What the exercise asks: From the line with "Circle G Men's" through the final line, transcribe the material below character for character; include no other lines.

Supplied records:
=== Begin Enclosure ===

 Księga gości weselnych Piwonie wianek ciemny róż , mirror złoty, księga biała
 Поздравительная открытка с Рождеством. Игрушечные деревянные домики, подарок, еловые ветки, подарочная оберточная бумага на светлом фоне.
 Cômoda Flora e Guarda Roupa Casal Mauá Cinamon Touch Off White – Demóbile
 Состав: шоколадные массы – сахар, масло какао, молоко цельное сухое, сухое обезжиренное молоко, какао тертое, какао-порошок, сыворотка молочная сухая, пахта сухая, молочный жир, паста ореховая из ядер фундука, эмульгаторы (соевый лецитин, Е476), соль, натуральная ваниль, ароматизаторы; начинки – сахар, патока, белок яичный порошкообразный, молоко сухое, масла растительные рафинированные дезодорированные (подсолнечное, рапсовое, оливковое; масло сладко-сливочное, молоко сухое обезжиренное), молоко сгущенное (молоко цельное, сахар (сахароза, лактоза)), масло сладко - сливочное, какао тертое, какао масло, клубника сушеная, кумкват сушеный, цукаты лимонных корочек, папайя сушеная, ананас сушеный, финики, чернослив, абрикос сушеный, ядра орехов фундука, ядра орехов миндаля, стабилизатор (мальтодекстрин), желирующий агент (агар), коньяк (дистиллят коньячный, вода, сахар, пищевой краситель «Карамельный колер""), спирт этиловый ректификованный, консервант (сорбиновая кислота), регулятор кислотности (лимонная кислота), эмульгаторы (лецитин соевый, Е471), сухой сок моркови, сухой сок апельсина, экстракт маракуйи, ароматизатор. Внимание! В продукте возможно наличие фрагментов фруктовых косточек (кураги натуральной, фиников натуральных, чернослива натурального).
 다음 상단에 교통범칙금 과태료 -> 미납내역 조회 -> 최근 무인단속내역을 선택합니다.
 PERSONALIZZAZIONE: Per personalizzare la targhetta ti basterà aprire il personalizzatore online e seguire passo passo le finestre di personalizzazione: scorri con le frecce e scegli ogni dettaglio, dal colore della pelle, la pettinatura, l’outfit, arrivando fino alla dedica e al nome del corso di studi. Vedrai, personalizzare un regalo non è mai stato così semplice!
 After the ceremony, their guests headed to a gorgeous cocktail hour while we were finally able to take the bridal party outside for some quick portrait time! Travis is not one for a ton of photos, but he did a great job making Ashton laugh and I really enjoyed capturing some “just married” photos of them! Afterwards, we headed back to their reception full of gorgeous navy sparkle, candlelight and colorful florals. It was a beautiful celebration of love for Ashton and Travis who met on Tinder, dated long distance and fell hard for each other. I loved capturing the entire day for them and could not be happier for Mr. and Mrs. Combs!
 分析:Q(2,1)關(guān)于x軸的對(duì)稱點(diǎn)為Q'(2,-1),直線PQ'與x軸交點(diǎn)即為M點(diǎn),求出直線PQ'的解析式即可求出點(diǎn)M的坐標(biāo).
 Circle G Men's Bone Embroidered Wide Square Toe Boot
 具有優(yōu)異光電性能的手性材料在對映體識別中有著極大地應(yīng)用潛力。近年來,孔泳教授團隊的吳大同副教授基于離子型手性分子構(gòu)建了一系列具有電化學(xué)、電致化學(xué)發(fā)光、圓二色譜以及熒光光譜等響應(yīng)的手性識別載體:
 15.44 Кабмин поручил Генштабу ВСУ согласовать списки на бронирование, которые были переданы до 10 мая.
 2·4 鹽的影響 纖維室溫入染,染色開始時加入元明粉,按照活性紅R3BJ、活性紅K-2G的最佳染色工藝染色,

=== End Enclosure ===

The completed task:
 Circle G Men's Bone Embroidered Wide Square Toe Boot
 具有優(yōu)異光電性能的手性材料在對映體識別中有著極大地應(yīng)用潛力。近年來,孔泳教授團隊的吳大同副教授基于離子型手性分子構(gòu)建了一系列具有電化學(xué)、電致化學(xué)發(fā)光、圓二色譜以及熒光光譜等響應(yīng)的手性識別載體:
 15.44 Кабмин поручил Генштабу ВСУ согласовать списки на бронирование, которые были переданы до 10 мая.
 2·4 鹽的影響 纖維室溫入染,染色開始時加入元明粉,按照活性紅R3BJ、活性紅K-2G的最佳染色工藝染色,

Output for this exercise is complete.